As the joint head of the executive, Martin took an initial gradualist approach to power-sharing with the DUP. It was a strategy that proved successful. This was reliant on good working relationships and a spirit of compromise to ensure that political change was gradually delivered.
Examples of this included the devolution of policing and justice powers to Belfast which was included in 2006's St Andrews Agreement and eventually implemented after the Hillsborough Agreement of 2010.
The Derryman's boyish charm and genuine warmth towards his unionist colleagues in government was critical in maintaining the last decade of political stability.
The sub-agreements since the restoration of the assembly were, for republicans, about delivering upon the commitments made at St Andrews and other accords. Ensuring that those who made big ticket promises made good on their word.
However, more recently the DUP seem determined not to compromise. This has eroded the faith that nationalists had in the institutions when McGuinness and Paisley first began their joint stewardship of the executive.
The assembly cannot work unless unionist leaders step out of their political comfort zones. In 2009, Martin McGuinness did this when he spoke out immediately after the deaths of two British soldiers at Massereene barracks in Antrim. Whilst McGuinness was facing down opponents, some of who later threatened to kill him, the DUP were looking over their shoulder at Jim Allister and began to regress from the positive position that Paisley had adopted to powers-haring just years before.

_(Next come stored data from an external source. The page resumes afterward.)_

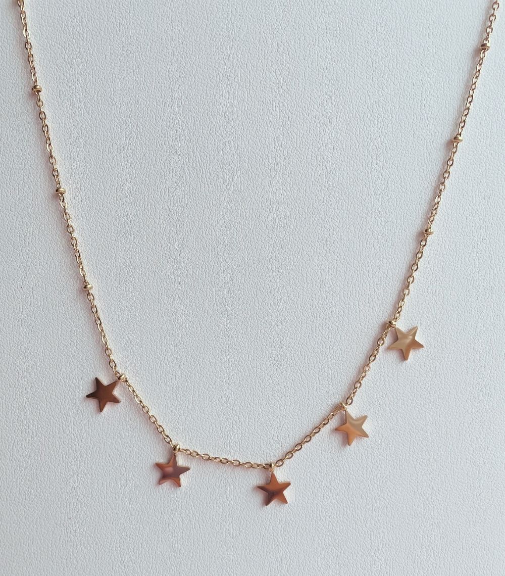 Cadena delgada con dijes en acero inoxidable.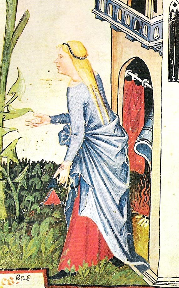 Tacuinum SanitatisI tagli nell’abito sia maschile, sia femminile, all’altezza del bacino che si osservano nei dipinti del XIV secolo, avevano il solo scopo decorativo, erano infatti solo “tagli” o avevano la funzione di “scaldamani” in quanto, oltre ad essere orlati con ricami, si presentavano anche con orli in pelliccia; solo nel tardo Cinquecento la tasca, più o meno nascosta, entra a far parte dell’abito maschile.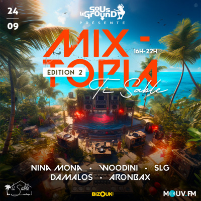 *MIXTOPIA* Une zone éphémère, les pieds dans le sable, le soleil sur la peau et du bon, du bon, du très bon son dans les oreilles. La musique sera de nouveau le Bwa lélé d'un cocktail festif et détonant où se mélangeront, échangeront, partageront les DJs et leur public de *16h à 22h*. Aux platines : *DAMALOS*_(Amapiano) *NINA MONA* (AfroBeats) *ARON BAX* _(Deep House) *WOODINI* _(Kreyol House) -*SoUsLeGrOunD* ...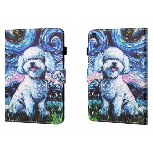 Funda para Tablet Samsung Galaxy Tab A9 PU con Dibujo Coloreado y Función de Suspensión (Perro con Pintura al Óleo)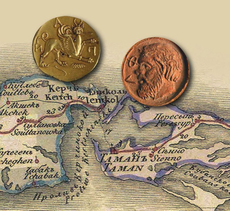 Пантикапейская монета (слева) и клеймо с первыми буквами названия «Фанагория» (справа). На заднем плане – часть карты Керченского и Таманского полуостровов. На ней обозначена Керчь, в которой находился Пантикапей, и посёлок Сенной – не его окраине лежат остатки Фанагории.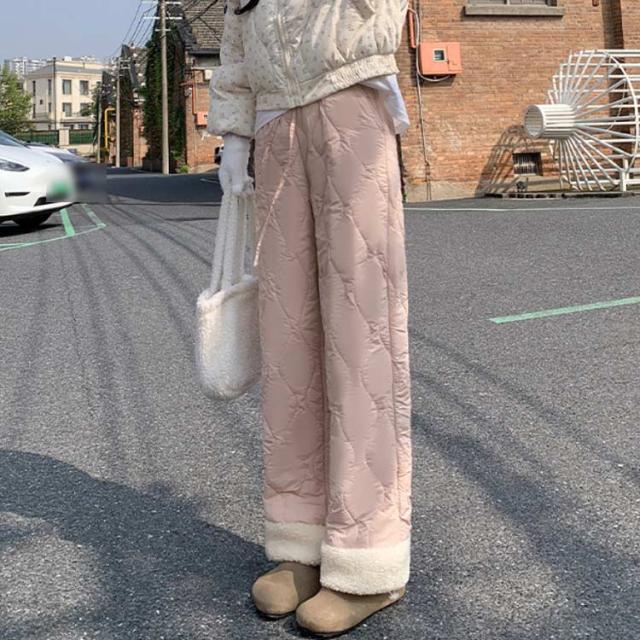 防寒 中綿 裏起毛パンツ 中綿入り 波型 キルティングパンツ 軽量 キルト ワイドパンツ ダウンパンツ あったかパンツ 暖パン 中綿パンツ あったか 暖かい 真冬 ボトムス 裏起毛 冬-63
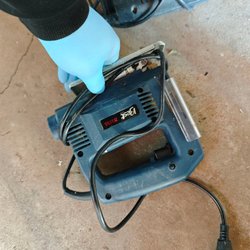 Hörnsliper för slipning av ytor. Modell: ETC Tools No. 96-380. Effekt: 160W. Varvtal: 6000-10000 r/min. Slipdyna: 90x90x90mm.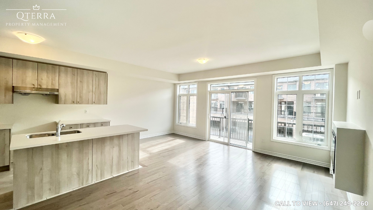 STUNNING 4-BEDROOM FREEHOLD TOWNHOUSE WITH MODERN UPGRADES Text or Call to View: (647) 249-2260 Welcome to luxury living at its finest! This stunning modern townhouse offers a perfect blend of elegance and comfort. With breathtaking views, this property is truly a dream home. KEY PROPERTY DETAILS: - Type: Freehold Townhouse - Bedrooms: 4 - Bathrooms: 3 - Size: 2200 SQF - Availability: April 1, 2025 - Parking: 2 spots Included - Virtual Tour: [https youtu be FyN8RG-tNSA](https youtu be FyN8RG-tNSA) UNIT AMENITIES: - Condition: Brand new, well-maintained unit ready for move-in. - Upgraded Kitchen: Featuring stainless steel appliances, quartz countertops, and an upgraded backsplash for a sleek, modern look. - Dishwasher: Included for added convenience. - Flooring: Durable laminate flooring throughout the unit, providing a contemporary and easy-to-maintain finish. - Ceiling: 10-foot ceilings offering a spacious and open atmosphere. - Thermostat: Personal thermostat for customized comfort. - Laundry: Convenient ensuite laundry facilities. - Closets: Walk-in closet in the primary bedroom, regular closets in all rooms for ample storage space. - Bathrooms: Upgraded bathrooms with contemporary fixtures. En-suite bathroom in the primary bedroom only. - Open Concept Layout: Spacious and flexible living area. - Furnishing: Unfurnished, allowing you to personalize the space. - Natural Light: Tons of natural light, creating a bright and inviting environment. BUILDING AMENITIES: - View: Serene views of the courtyard and backyard. - Balcony: Private balcony for outdoor relaxation. - Garage: Private walk-out garage for easy access. - Driveway: Full driveway with ample parking space for your vehicles.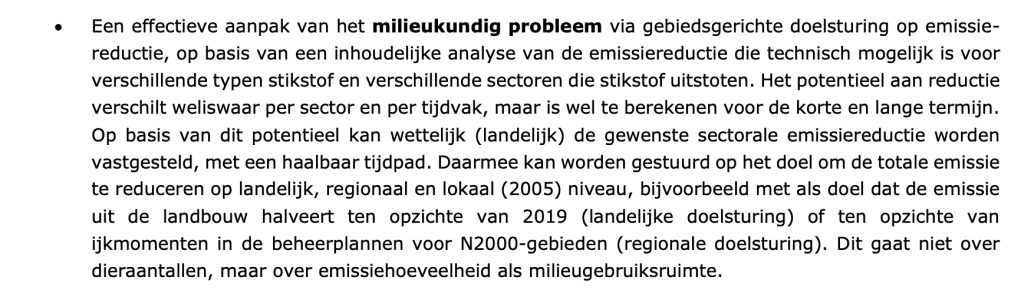 - emissieruimte per bedrijf (bespreekbaar, mits niet per hectare of per GVE of dier).
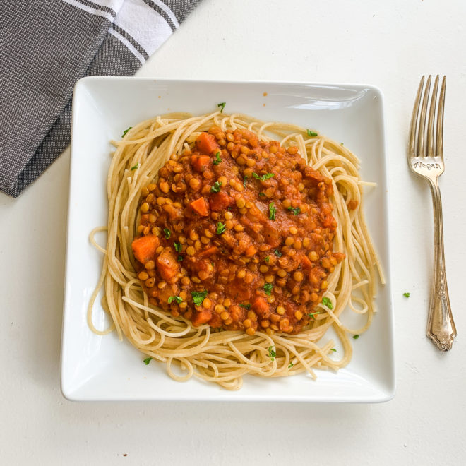 This lentil bolognese spaghetti recipe was originally posted in my “budget recipes with 5 ingredients or less” Youtube video. My goal was to share cheap/ affordable plant based recipes using under 5 ingredients. This lentil bolognese sauce came out soo tasty and only cost $4 for the recipe!

Delivering on the commitments made regarding the Irish language, even allowing a nationalist to head the Department of Justice, are not big asks. However, that is what they have been portrayed as, most notably by Arlene Foster when she made her `crocodile' comment.
`Mo Ghile Mear', the old 18th century lament, was played at the funeral Mass in Derry. It was particularly poignant as here was a community parted suddenly from its champion, its leader through good times and through bad. That collective of republicans, nationalists and gaels will feel that, in Martin McGuinness’s absence, the least they can do is adhere to his resignation letter, his last major political act.
If the issues in that letter are not addressed, but more importantly, if unionists do not embrace power-sharing and honour the agreements already made, there will be no return to Stormont.
McGuinness's resignation unexpectedly led to the loss of the unionist majority in the assembly for the first time in history. In more ways than one, it has marked the end of an era - and the beginning of the next.